Records supplied:
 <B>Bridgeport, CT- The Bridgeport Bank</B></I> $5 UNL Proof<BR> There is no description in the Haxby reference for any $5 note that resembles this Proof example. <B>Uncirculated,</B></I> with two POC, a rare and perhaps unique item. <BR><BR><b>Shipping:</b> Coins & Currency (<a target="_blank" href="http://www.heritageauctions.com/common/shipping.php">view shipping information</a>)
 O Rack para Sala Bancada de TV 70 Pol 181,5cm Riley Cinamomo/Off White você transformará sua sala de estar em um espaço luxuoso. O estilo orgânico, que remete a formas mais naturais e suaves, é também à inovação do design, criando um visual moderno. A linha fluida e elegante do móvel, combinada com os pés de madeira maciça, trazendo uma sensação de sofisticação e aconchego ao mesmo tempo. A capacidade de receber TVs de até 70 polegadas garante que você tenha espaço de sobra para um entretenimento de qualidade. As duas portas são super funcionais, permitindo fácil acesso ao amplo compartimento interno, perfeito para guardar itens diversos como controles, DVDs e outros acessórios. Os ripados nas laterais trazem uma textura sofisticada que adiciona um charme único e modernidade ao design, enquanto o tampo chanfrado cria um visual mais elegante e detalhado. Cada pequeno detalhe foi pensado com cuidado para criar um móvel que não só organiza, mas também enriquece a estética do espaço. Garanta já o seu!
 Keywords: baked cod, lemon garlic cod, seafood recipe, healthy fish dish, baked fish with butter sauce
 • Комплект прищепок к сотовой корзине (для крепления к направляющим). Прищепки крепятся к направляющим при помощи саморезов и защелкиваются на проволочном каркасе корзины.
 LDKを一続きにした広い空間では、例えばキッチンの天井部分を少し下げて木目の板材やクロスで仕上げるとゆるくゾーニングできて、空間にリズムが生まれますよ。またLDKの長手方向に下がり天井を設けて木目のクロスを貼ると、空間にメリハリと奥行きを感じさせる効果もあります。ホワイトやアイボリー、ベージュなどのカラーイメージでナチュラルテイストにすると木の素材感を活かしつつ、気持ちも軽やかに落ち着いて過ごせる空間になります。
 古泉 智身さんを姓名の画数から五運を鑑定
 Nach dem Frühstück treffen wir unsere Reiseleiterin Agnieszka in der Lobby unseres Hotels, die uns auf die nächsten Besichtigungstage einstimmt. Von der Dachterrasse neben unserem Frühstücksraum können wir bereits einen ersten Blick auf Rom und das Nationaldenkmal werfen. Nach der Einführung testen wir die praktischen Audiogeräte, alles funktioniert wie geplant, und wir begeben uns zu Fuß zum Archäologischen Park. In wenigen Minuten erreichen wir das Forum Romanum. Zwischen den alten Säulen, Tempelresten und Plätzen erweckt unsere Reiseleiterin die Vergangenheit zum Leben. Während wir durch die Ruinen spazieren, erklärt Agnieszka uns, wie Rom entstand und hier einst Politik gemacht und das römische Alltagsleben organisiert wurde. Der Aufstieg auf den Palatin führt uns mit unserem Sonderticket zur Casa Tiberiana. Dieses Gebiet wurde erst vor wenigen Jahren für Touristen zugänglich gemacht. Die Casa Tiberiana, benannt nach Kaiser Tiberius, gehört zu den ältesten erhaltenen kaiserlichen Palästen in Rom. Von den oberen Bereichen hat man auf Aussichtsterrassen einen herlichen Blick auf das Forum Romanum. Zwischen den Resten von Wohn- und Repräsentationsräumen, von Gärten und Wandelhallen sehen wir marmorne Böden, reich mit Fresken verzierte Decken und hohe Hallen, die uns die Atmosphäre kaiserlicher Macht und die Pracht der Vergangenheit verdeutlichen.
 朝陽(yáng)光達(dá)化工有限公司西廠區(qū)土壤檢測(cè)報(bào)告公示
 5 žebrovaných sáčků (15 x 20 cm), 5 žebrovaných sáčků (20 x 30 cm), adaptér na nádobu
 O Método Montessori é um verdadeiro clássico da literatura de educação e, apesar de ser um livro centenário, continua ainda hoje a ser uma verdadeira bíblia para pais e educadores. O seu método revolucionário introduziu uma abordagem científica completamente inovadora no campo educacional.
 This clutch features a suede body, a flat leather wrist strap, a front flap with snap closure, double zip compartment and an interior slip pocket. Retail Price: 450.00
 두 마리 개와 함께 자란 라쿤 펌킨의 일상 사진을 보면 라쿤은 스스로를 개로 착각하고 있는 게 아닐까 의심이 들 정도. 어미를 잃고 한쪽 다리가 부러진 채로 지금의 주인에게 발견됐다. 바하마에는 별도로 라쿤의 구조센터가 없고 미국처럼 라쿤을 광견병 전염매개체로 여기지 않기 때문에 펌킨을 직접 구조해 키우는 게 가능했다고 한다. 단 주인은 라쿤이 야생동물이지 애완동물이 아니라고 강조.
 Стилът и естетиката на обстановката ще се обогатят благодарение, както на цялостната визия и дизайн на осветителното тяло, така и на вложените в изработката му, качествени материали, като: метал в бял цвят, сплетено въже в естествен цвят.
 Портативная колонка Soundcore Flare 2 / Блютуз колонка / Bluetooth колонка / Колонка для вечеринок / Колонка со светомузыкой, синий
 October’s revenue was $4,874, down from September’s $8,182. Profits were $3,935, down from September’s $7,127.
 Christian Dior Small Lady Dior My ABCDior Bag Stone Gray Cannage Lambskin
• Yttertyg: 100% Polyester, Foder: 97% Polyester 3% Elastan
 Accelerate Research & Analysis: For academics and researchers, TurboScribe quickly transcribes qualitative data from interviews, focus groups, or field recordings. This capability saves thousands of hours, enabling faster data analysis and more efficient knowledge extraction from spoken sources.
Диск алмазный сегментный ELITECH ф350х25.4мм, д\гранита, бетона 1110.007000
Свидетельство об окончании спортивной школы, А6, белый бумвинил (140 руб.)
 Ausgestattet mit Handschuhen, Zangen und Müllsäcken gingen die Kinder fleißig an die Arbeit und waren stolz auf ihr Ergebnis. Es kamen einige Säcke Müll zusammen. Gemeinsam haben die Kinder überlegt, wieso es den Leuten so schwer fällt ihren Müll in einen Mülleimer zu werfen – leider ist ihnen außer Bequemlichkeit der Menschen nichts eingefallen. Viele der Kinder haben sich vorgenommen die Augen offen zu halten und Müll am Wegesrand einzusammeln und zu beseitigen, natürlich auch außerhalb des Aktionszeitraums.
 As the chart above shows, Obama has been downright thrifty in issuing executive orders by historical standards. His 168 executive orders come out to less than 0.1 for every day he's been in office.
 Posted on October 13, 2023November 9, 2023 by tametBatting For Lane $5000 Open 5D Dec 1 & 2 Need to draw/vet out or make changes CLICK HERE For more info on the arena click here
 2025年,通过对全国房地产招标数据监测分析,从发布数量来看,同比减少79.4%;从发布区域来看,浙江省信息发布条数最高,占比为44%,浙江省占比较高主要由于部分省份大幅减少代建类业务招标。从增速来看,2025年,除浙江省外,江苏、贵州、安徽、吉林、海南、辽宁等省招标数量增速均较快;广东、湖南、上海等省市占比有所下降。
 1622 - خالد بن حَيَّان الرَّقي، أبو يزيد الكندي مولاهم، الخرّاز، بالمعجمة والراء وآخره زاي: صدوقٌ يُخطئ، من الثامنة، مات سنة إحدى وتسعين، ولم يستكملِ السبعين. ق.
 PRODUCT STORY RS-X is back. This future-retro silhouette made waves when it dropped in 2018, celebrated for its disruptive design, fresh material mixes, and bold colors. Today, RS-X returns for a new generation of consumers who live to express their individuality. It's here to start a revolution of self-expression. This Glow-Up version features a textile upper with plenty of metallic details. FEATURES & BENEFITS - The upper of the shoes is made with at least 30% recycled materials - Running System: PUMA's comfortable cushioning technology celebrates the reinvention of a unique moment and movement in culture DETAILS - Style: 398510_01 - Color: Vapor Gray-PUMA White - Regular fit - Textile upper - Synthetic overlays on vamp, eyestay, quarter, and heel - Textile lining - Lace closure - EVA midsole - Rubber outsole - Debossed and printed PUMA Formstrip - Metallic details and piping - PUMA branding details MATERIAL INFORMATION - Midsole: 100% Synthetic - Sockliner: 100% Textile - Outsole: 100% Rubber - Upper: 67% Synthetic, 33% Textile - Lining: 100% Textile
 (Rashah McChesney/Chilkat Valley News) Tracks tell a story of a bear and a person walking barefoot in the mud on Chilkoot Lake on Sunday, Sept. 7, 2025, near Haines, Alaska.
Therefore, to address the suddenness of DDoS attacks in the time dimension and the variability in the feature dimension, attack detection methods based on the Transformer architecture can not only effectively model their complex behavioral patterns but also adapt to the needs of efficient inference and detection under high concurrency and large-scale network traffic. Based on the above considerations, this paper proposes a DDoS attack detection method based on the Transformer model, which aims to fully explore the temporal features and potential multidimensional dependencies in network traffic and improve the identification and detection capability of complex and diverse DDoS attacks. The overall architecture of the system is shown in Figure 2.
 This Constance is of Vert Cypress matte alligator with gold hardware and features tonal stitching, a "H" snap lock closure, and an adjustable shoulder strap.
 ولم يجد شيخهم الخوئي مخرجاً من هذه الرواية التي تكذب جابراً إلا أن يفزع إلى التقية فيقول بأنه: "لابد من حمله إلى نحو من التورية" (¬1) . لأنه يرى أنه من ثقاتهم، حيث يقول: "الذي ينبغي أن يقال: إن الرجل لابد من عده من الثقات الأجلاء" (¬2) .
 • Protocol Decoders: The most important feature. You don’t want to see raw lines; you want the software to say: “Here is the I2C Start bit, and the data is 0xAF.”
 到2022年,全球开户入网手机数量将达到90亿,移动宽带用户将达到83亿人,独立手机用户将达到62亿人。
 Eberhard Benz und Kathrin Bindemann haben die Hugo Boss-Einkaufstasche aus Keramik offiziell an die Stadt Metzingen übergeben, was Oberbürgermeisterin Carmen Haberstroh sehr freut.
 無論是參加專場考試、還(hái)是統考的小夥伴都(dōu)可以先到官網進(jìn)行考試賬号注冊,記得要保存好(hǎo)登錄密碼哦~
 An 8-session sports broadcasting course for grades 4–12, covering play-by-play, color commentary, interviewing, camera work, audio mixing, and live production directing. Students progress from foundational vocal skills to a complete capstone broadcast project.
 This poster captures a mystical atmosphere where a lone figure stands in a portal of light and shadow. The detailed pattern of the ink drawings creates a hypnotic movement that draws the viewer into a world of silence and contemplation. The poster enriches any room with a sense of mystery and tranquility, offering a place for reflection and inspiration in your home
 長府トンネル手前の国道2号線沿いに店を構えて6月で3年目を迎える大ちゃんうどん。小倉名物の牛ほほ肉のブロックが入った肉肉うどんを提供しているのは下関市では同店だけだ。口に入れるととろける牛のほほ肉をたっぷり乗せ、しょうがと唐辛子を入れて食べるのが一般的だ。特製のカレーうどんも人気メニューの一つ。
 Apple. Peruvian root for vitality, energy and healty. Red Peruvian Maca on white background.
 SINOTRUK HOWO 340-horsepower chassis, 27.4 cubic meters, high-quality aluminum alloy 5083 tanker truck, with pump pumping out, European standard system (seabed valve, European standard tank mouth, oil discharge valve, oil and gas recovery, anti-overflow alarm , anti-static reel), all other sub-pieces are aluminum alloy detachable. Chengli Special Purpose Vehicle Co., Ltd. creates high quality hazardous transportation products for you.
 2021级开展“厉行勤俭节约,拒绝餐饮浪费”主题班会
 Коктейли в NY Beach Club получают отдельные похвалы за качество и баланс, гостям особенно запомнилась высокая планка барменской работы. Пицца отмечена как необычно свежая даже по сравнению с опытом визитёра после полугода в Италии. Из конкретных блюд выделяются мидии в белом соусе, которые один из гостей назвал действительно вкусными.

Directions: Retype the portion of the data above that starts on the line with "October’s revenue was" and finishes on the line with "Ausgestattet mit Handschuhen, Zangen", including both of those lines.

Completed task:
 October’s revenue was $4,874, down from September’s $8,182. Profits were $3,935, down from September’s $7,127.
 Christian Dior Small Lady Dior My ABCDior Bag Stone Gray Cannage Lambskin
• Yttertyg: 100% Polyester, Foder: 97% Polyester 3% Elastan
 Accelerate Research & Analysis: For academics and researchers, TurboScribe quickly transcribes qualitative data from interviews, focus groups, or field recordings. This capability saves thousands of hours, enabling faster data analysis and more efficient knowledge extraction from spoken sources.
Диск алмазный сегментный ELITECH ф350х25.4мм, д\гранита, бетона 1110.007000
Свидетельство об окончании спортивной школы, А6, белый бумвинил (140 руб.)
 Ausgestattet mit Handschuhen, Zangen und Müllsäcken gingen die Kinder fleißig an die Arbeit und waren stolz auf ihr Ergebnis. Es kamen einige Säcke Müll zusammen. Gemeinsam haben die Kinder überlegt, wieso es den Leuten so schwer fällt ihren Müll in einen Mülleimer zu werfen – leider ist ihnen außer Bequemlichkeit der Menschen nichts eingefallen. Viele der Kinder haben sich vorgenommen die Augen offen zu halten und Müll am Wegesrand einzusammeln und zu beseitigen, natürlich auch außerhalb des Aktionszeitraums.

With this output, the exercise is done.